Merge-on-Write Unique Key
Support Merge-On-Write on Unique Key Model. This mode marks the data that needs to be deleted or updated when the data is written, thereby avoiding the overhead of Merge-On-Read when querying, and greatly improving the reading efficiency on the updateable data model.
Multi Catalog
The multi-catalog feature provides Doris with the ability to quickly access external data sources for access. Users can connect to external data sources through the
CREATE CATALOG
command. Doris will automatically map the library and table information of external data sources. After that, users can access the data in these external data sources just like accessing ordinary tables. It avoids the complicated operation that the user needs to manually establish external mapping for each table.Currently this feature supports the following data sources:
- Hive Metastore: You can access data tables including Hive, Iceberg, and Hudi. It can also be connected to data sources compatible with Hive Metastore, such as Alibaba Cloud’s DataLake Formation. Supports data access on both HDFS and object storage.
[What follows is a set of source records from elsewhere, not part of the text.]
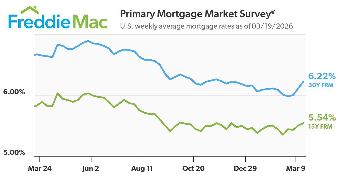 核心观点 - 房地美发布的2026年3月19日当周主要抵押贷款市场调查显示,30年期固定抵押贷款利率小幅上升至6.22%,但仍显著低于去年同期近0.5个百分点,首席经济学家认为春季购房季的可负担性将优于去年,市场已出现购房申请和待售房屋销售改善的迹象 [1][2][5] 抵押贷款利率数据 - **30年期固定抵押贷款(FRM)**:截至2026年3月19日当周平均利率为6.22%,较前一周的6.11%有所上升,但低于一年前同期的6.67% [1][5] - **15年期固定抵押贷款(FRM)**:截至2026年3月19日当周平均利率为5.54%,较前一周的5.50%小幅上升,低于一年前同期的5.83% [5] 市场与行业观察 - 房地美首席经济学家指出,尽管本周利率微升,但相比去年同期,利率水平降低了近半个百分点,这为潜在购房者带来了一个比去年更实惠的春季购房季节 [2] - 市场已出现积极信号,包括购房申请和待售房屋销售的改善 [2] 调查背景与公司信息 - 主要抵押贷款市场调查主要针对首付20%、信用优良的借款人的常规合格完全摊销购房贷款 [2] - 房地美的公司使命是在所有经济周期中促进住房市场的流动性、稳定性和可负担性,自1970年以来已帮助数千万家庭实现购房、租房或保有住房 [3]
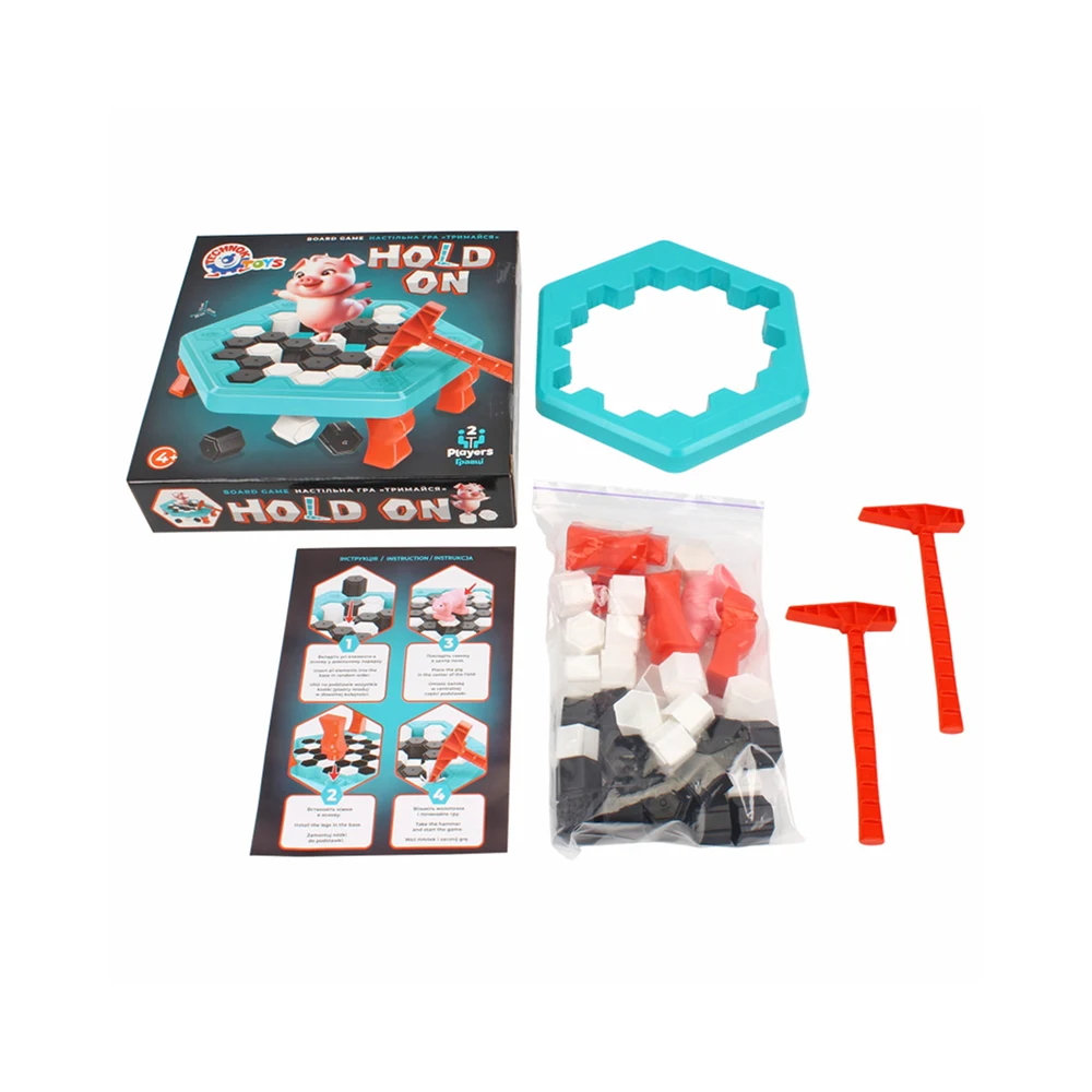 Jocul de masă Hold On Baby este un joc interactiv de îndemânare și strategie, conceput pentru copii și întreaga familie. Scopul jocului este de a elimina pe rând piesele de pe suprafața de joc fără a face personajul să cadă.
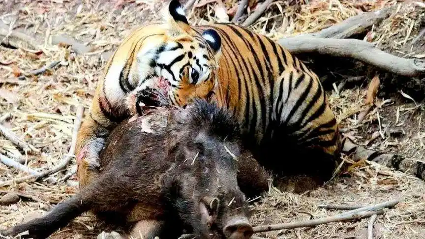 老虎真不愧是百兽之王,虐杀只野猪几乎分分钟的事,最后一招漂亮
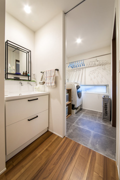 洗濯、アイロンが同じスペースでできる脱衣室。
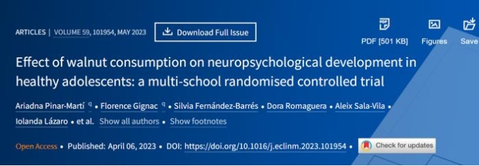 這一研究成果是來自西班牙 IISPV 研究所、龐培法布拉大學(xué)等單位的研究人員的《Effect of walnut consumption on neuropsychological development in healthy adolescents: a multi-school randomised controlled trial》的論文,并于今年4月份在世界頂級期刊《柳葉刀》子刊e Clinical Medicine 上發(fā)表了該研究。
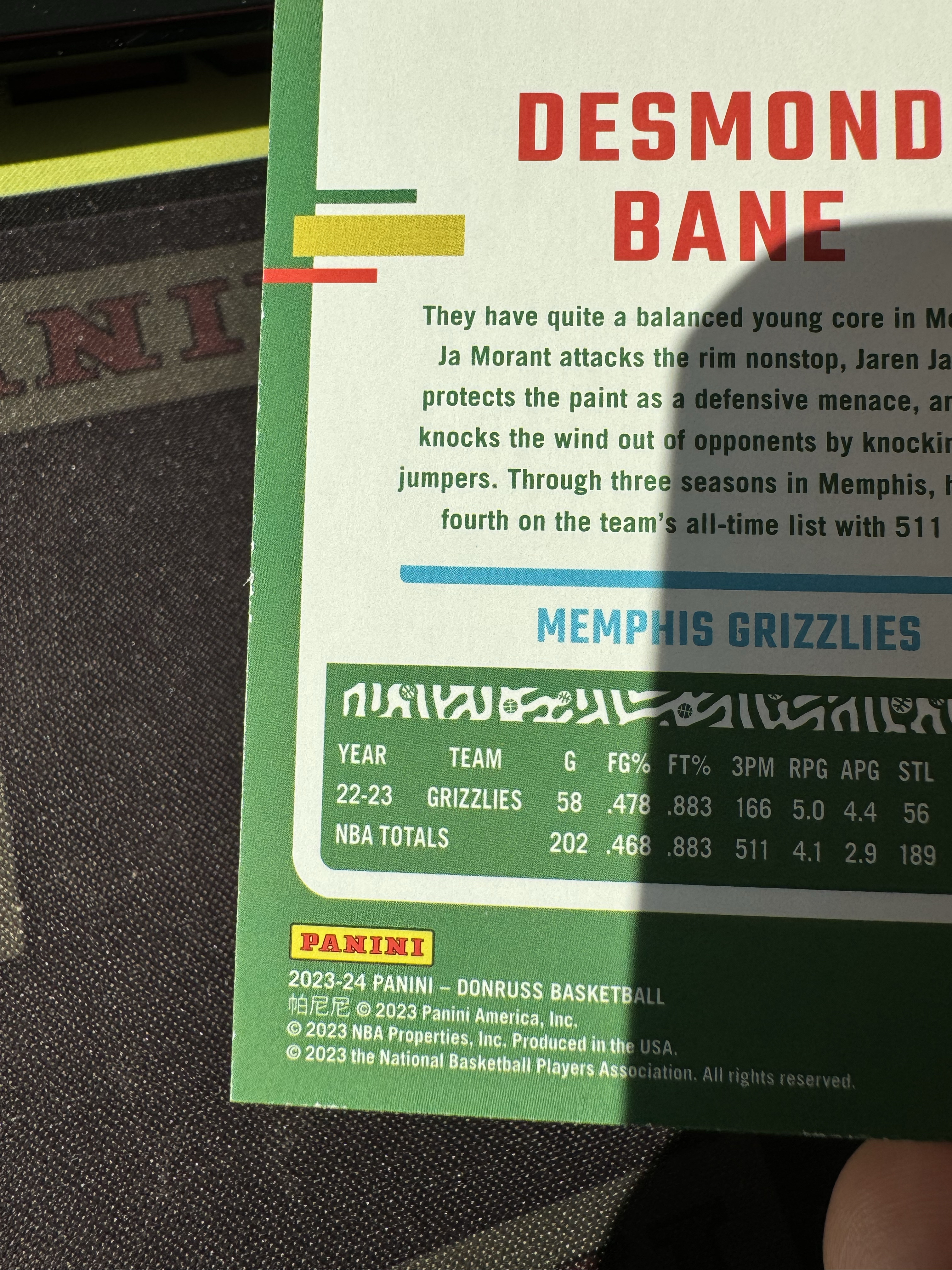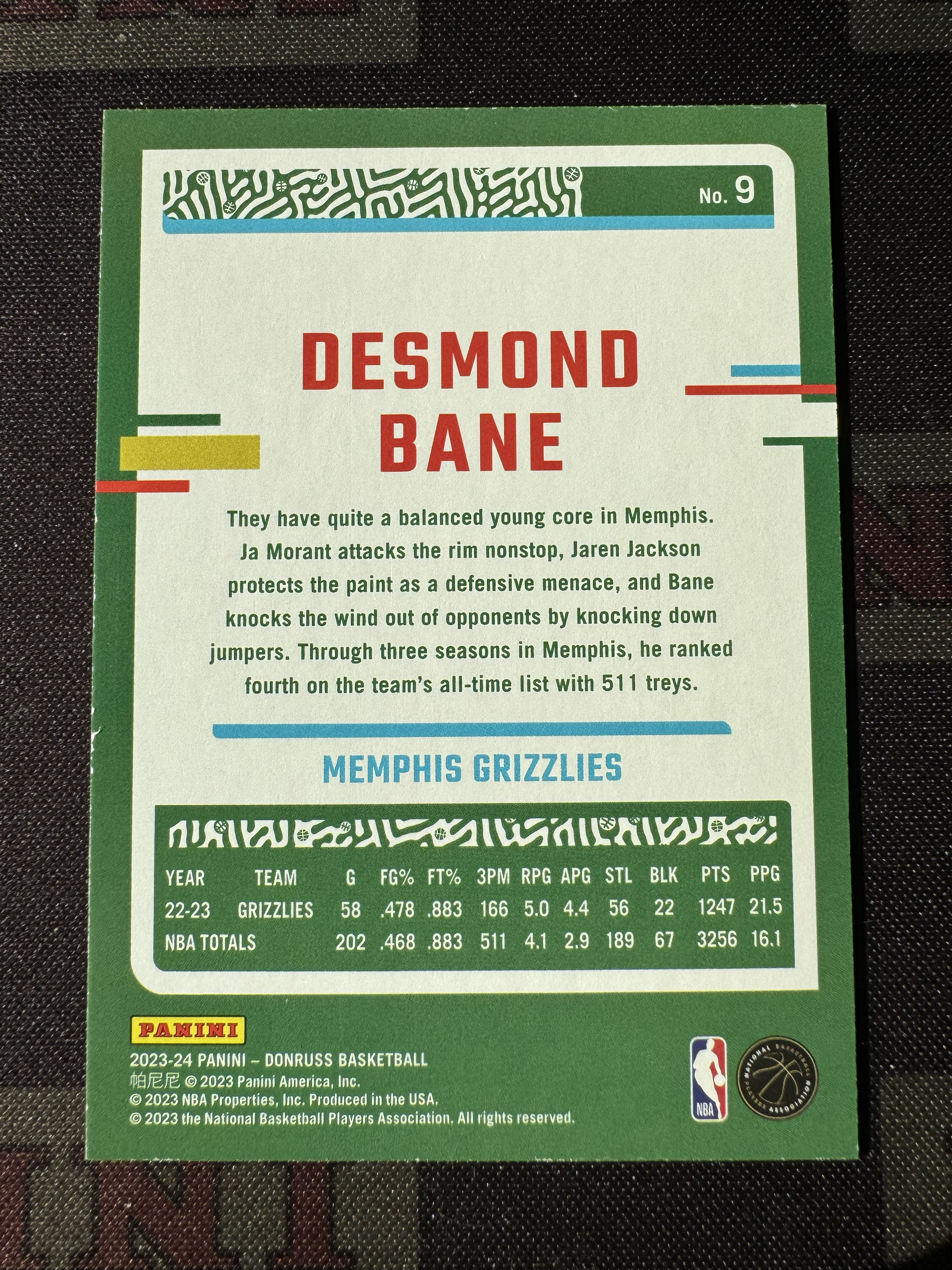 2023-24 Panini Donruss Desmond Bane 戴斯蒙德 贝恩 1of1 正一编 黑折 正base choice black prizm 黑迷宫折 正黑折 白边如图 绰号霸王龙
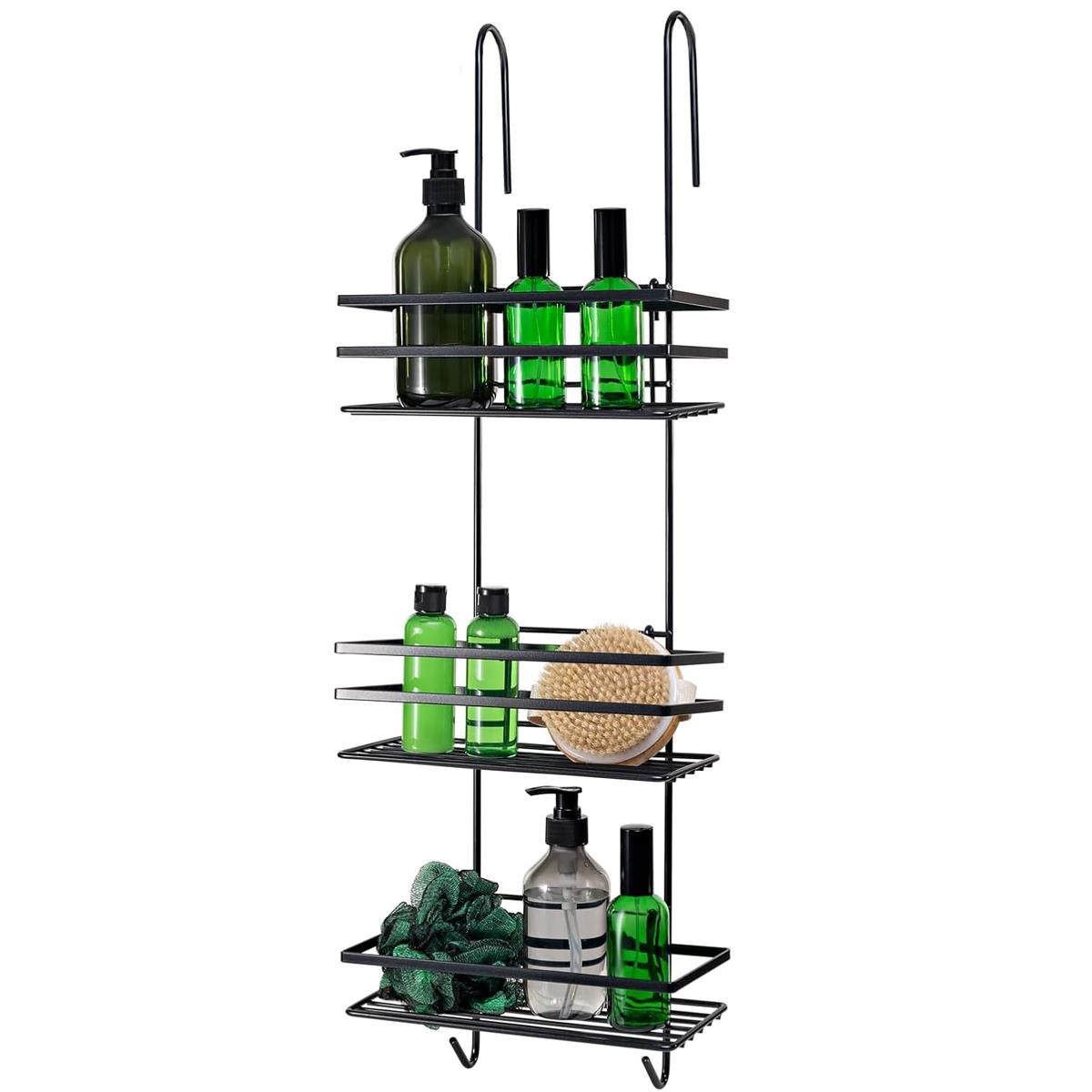 3 Tier Non Rust Hanging Shower Caddy Bathroom Organiser in Black
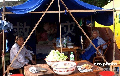 5月中旬,四川都江堰市地震灾区的灾民陆续住上了各种各样的防震棚。图为抗震中不忘操持家务的两位老人在地震棚中休息。中新社发 邹宪 摄

- Elasticsearch: Access ES data sources.
- JDBC: Access MySQL through the JDBC protocol.
Documentation: https://doris.apache.org//docs/dev/lakehouse/multi-catalog)
Note: The corresponding permission level will also be changed automatically, see the “Upgrade Notes” section for details.
Light table structure changes
In the new version, it is no longer necessary to change the data file synchronously for the operation of adding and subtracting columns to the data table, and only need to update the metadata in FE, thus realizing the millisecond-level Schema Change operation. Through this function, the DDL synchronization capability of upstream CDC data can be realized. For example, users can use Flink CDC to realize DML and DDL synchronization from upstream database to Doris.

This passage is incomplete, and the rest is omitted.